Take Three Vastly Different Photos of a Same View Using Different Strengths of Neutral Density Filters

Take Three Vastly Different Photos of a Same View Using Different Strengths of Neutral Density Filters

Since my purchase of 10 stop neutral density (ND) filter , I’ve been trying to shoot three vastly different photos of a same view at blue hour, using 10 stop, 6 stop and 3 stop ND filters.

I used to focus on capturing only one long exposure shot at the prime time of blue hour (around 5 to 10 minutes prior to the end of dusk) using 6 stop ND filter (I still believe there is only one timing under fast-changing dusk sky that could result in the best possible shot, though), but now having 10 stop ND filter allows me to take a long exposure shot while the sky is still bright, which is something 3 and 6 ND filters aren’t up to the task.

Shooting with 10 Stop ND Filter Attached

My first shot uses 10 stop ND filter. I typically aim to shoot around sunset time using a base shutter speed of 1/4 or 1/3 seconds, which extends the exposure to 256 and 341 seconds respectively (at f/8 to f/11, depending how bright the light is). I’ve tried even longer exposure before, but normally keep the exposure to about 5 minutes in order to prevent long exposure noise. If the condition is right (e.g. having scattering clouds), you’ll get a beautiful surreal looking photo.

Today, I shot at f/10 with 258 seconds of exposure (base shutter speed of 1/4 second), 2 minutes after sunset (at 18:55). As I always turn Long exposure NR (noise reduction) on whenever shooting with 10 stop ND filter attached, it took me over 8 minutes altogether for this single shot. By the time I finally saw the image on LCD, it was only approx. 12 minutes left until the end of dusk.

Shooting with 6 Stop ND Filter Attached

My second shot is another long exposure, but this time using 6 stop ND filter . I typically set aperture at f/11 or f/13 and wait for shutter speed to come down to 2 or 2.5 or 3 seconds, which normally happens around 10 minutes before the end of dusk. With 6 stop ND filter attached, these base shutter speeds are extended to 128, 160 and 192 seconds respectively.
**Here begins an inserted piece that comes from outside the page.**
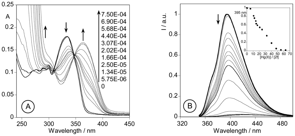 Spectrophotometric titration (A) and fluorimetric titration (B) of an ethanolic solution of 2f with a standard solution of Hg(CF3SO2)2 in absolute ethanol. ([2f] = 1.00E-5 M, T = 298 K, λexc = 334 nm. Inset: normalized emission at 395 nm).

Today, I shot at f/10 with 162 seconds of exposure (base shutter speed of 2.5 seconds), 7 minutes before the end of dusk (at 19:08). Like I said before, if you’re planning to buy only one ND filter for cityscape photography at blue hour, I’d recommend nothing but 6 stop ND filter. In fact, most of my best photos in Top 50 Photo Gallery are shot with 6 stop ND filter attached.

Shooting with 3 Stop ND Filter Attached

My third and last shot of the day is an out-of-focus view with bokeh lights, shot with 3 stop ND filter attached. After my second shot with 6 stop ND filter, it usually leaves me with just a few minutes until the end of dusk. So, I quickly get myself ready, i.e. switching to manual focus, dialing to Aperture Priority mode, setting to a large aperture, then turning the focus ring until the lights are completely out-of-focus.

Today, I shot at f/3.5 with 10 seconds of exposure, 3 minutes after dusk (at 19:18). To be honest, you don’t really need an ND filter for this particular shot, but it does help smooth out the water a bit.

Careful Planning and a Little Bit of Luck

In order to capture three equally quality photos, you need a careful planning (deciding when to start long exposures with 10 stop and 6 stop ND filters respectively) and a little bit of luck (sky and light). Today, my planning and execution went well, and the results were quite satisfactory, too! I’m planning to try again and coming back here to post the results. Stay tuned. ;)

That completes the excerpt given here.